In a reflection of Victorian middleclass values regarding the importance of home and family, the Austen’s lavished love and attention on Clear Comfort. Alice’s deep-rooted attachment to her home and its grounds shaped her experiences, becoming her first studio space, darkroom, and muse.
Austen’s photographs represent street and private life through the lens of a lesbian woman whose life spanned from 1866 to 1952. Austen was a rebel who broke away from the constraints of her Victorian environment and forged an independent life that broke boundaries of acceptable female behavior and social rules.
Today the galleries utilize Austen’s photographs rather than constructed scenes to tell the story of life lived in the home and explore the influences that helped create the themes presented in her work.
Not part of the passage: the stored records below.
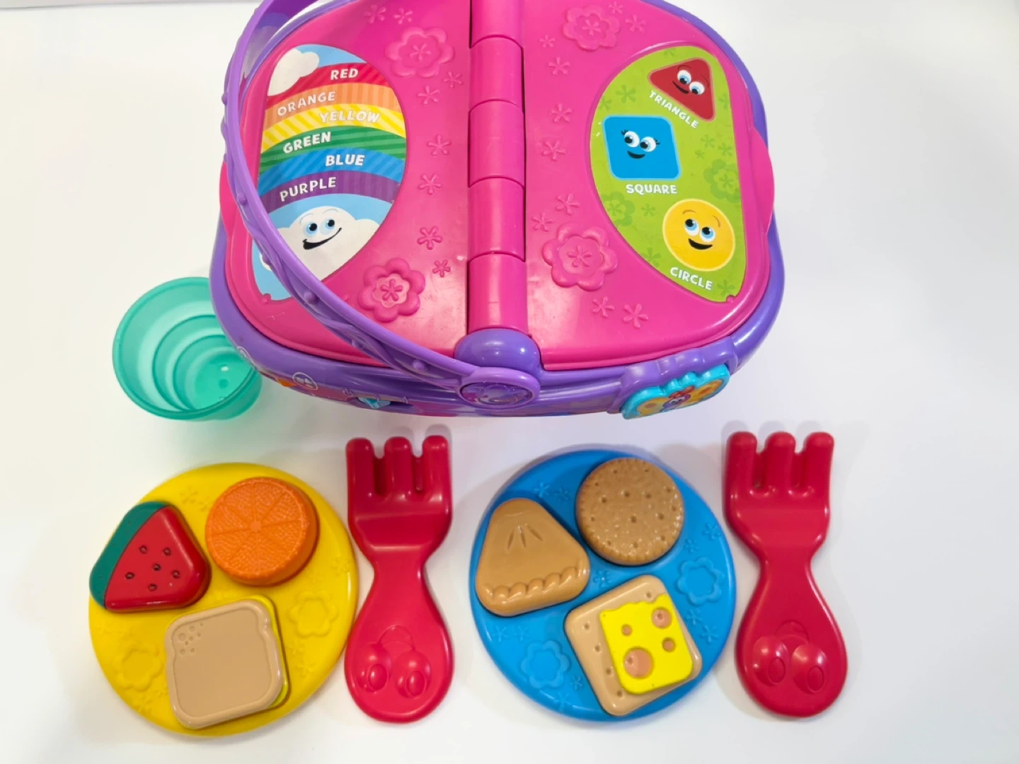 LeapFrog Shapes & Sharing Picnic Basket with interactive food and shape sorting. Includes plates, forks, cups, and food pieces like watermelon, sandwich, cookies, and cheese. Teaches colours, shapes, and sharing.
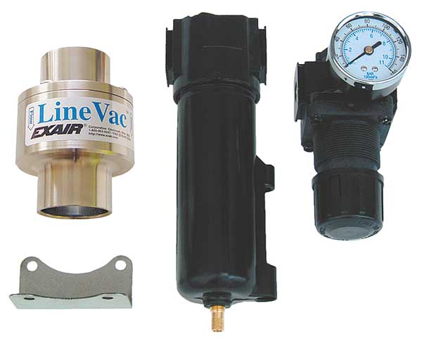 Description Vacuum Conveyor Kit, Stainless Steel, For Hose I.D. 2 in, Vacuum ID 1 3/4 in, Vacuum OD 3 1/4 in, Vacuum Length 4 3/8 in, Air Inlet Thread Size 1/4 in, Air Consumption @ 80 psi 45 scfm, Vacuum -28.5 in wc, Includes Mounting Bracket, Filter Separator, Pressure Regulator and Coupling Kit
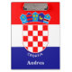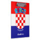 Este portapapeles personalizado muestra la bandera de Croacia con el escudo de armas, y el nombre del personalizable del país y el texto adicional (nombre) con letra blanca, colocado en la parte inferior.
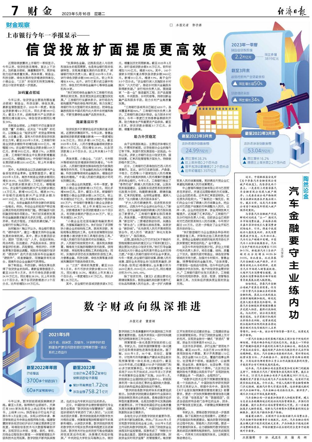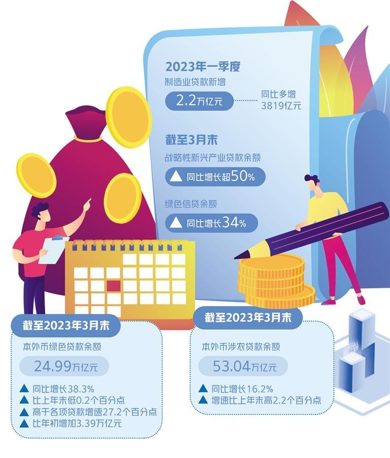 今年以来,信贷资金主要流向哪些重点领域?制造业、科技创新、绿色发展。最新监管数据显示,2023年一季度,制造业贷款新增2.2万亿元,同比多增3819亿元;截至3月末,战略性新兴产业贷款余额同比增长超50%,绿色信贷余额同比增长34%。
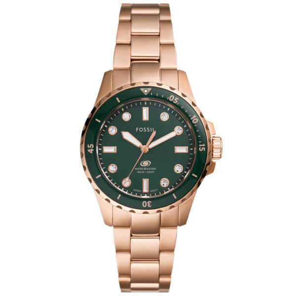 Fossil Women's Fossil Blue Dive Three-Hand Rose Gold-Tone Stainless Steel Watch ES5371
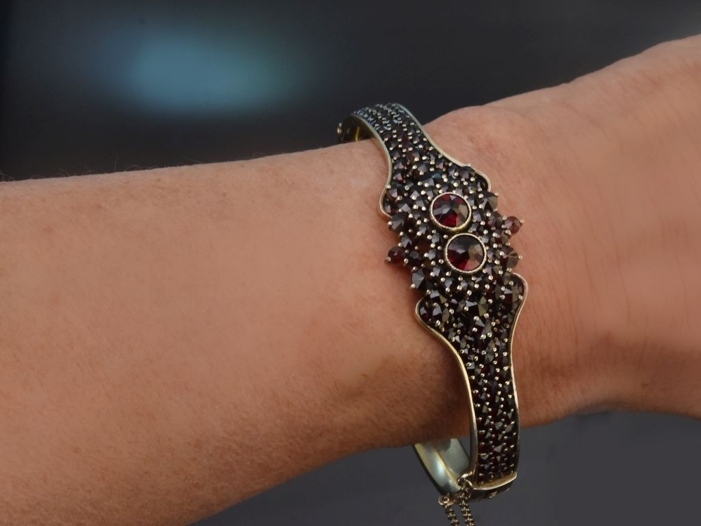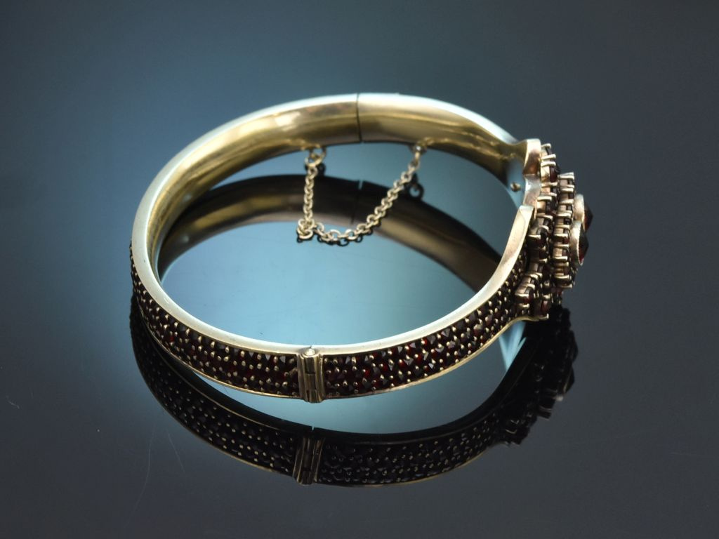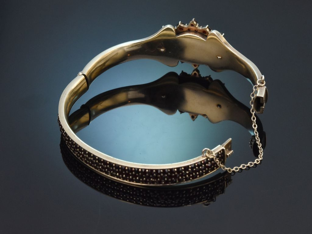 Der fein gearbeitete Armreif ist schauseitig mit einem hübschen, treppenförmig aufgebauten rosettenartigen Motiv versehen, das mit tiefroten Granatrosen besetzt ist. Die Armreifschiene ist ebenfalls reich mit drei Reihen feiner Granatrosen besetzt.
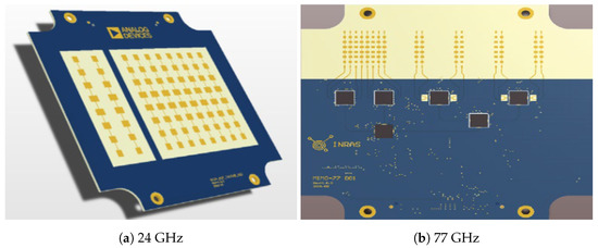 The experiments used a commercial, off-the-shelf linear MIMO array radar operating at 24 AND 77 GHz with two different front-ends, as per Figure 5. The first of these has two transmitters and eight receivers. The latter has four transmitters and eight receivers. It performs according to the parameters given in Table 1.
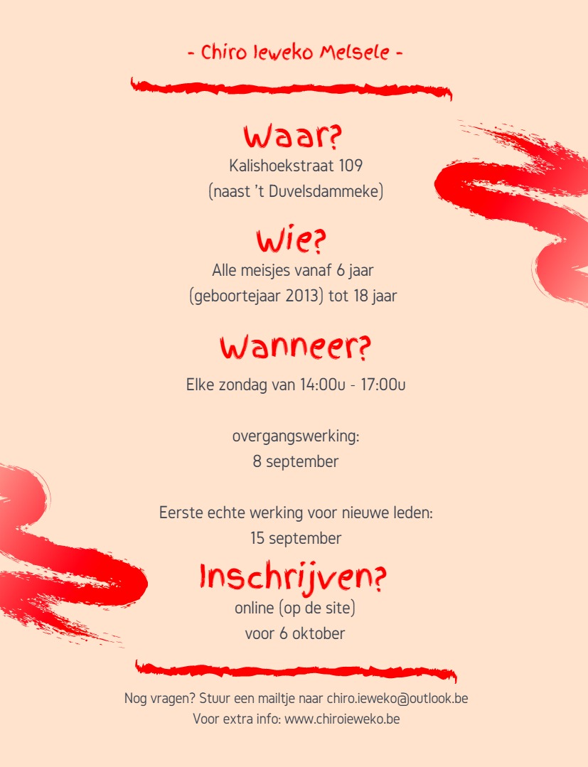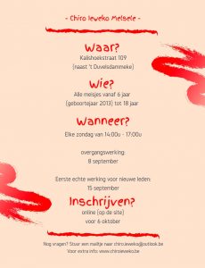 De eerste werking is op 8 september, dit is de overgangswerking en is enkel bedoeld voor de leden die al in de Chiro zitten.

This paper will investigate the direct connections between the artists’ works and environment and explore ideas of creative placemaking for museum interpretation and programming in contemporary exhibitions, park interpretation and education programs.
About the presenter
Victoria Munro is the Executive Director of the Alice Austen House, a nationally designated site of LGBTQ+ history and the only museum in America to represent the work of one women photographer, Alice Austen. Victoria is an Art and Art History Educator, Maker and Photographic Curator. Victoria consults and speaks on LGBTQ+ curriculum development, historical and current LGBTQ+ interpretations in public and private institutions. Victoria is the Board President of the Museums Council of New York City and serves on the Executive Board of Historic Artists Homes and Studios.